The United Nations acknowledged on August 5 that nine staff members of the United Nations Relief and Works Agency for Palestinian Refugees (UNWRA) may have been involved in the October 7, 2023, Hamas attack on Israel, and will be fired.
This comes after the U.N. Office of Internal Oversight Services (OIOS) completed an investigation into allegations that nineteen UNRWA staff members were involved in the attacks, two of whom have since died.
UN Deputy Spokesperson Farhan Haq told reporters in New York that the OIOS was not able to independently authenticate information used by Israel to support the allegations it provided, which when revealed earlier this year generated sufficient concern globally to cause a number of major donor countries to cut off funding for UNRWA, most of which have quietly resumed providing some aid once the OIOS investigation had been launched.
There were ten of a total of nineteen cases in which OIOS was unable to verify Israeli allegations independently, saying there was zero or insufficient evidence to support the claims of staff members’ involvement. With respect to these ten cases, “appropriate measures will be taken in due course, in conformity with UNRWA Regulations and Rules” according to a media note released by the Secretary General’s office.
UNRWA had previously fired twelve staffers and put seven others on administrative leave without pay over the claims. The group of nine staffers the U.N. announced it had fired August 5 includes some from each group, according to UNRWA.
Israel has escalated calls for UNRWA’s shutdown since the war began, with this idea remaining a longstanding part of UN reform proposals put forward by U.S. Republicans.
Israel has long accused UNRWA of collaborating with Hamas and turning a blind eye to the militant group’s activities. Throughout the war, it has released images of tunnels built next to UNRWA facilities and charged that many more UNRWA staffers than those who have been fired are members of militant groups. Israel has also expressed sharp disagreement with statements coming from various levels of the UN system minimizing the scandal as a case of “a few bad apples.”
During the war, far-right Israeli protesters demonstrating against the agency have set portions of the its facility in Jerusalem ablaze.

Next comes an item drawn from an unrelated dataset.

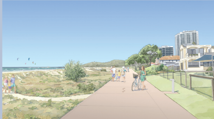
Artist impression: Oceanway at Palm Beach

The spokesperson for Israel’s Ministry of Foreign Affairs, wrote on X following the announcement of the firings that Israel was again calling for donor countries to suspend UNRWA’s funding “as the funds may go to terrorist elements.”
“UNRWA is part of the problem and not part of the solution, and anyone who seeks the best interests of Israel, the Gaza Strip and the region should act to replace UNWRA’s activities with other agencies,” he wrote.
It is too little too late, but the truth is starting to come to light.
The probe by the UN's Office of Internal Oversight Services (OIOS) proves that Israel's assertions about the involvement of UNRWA employees in the October 7 massacre are credible and true.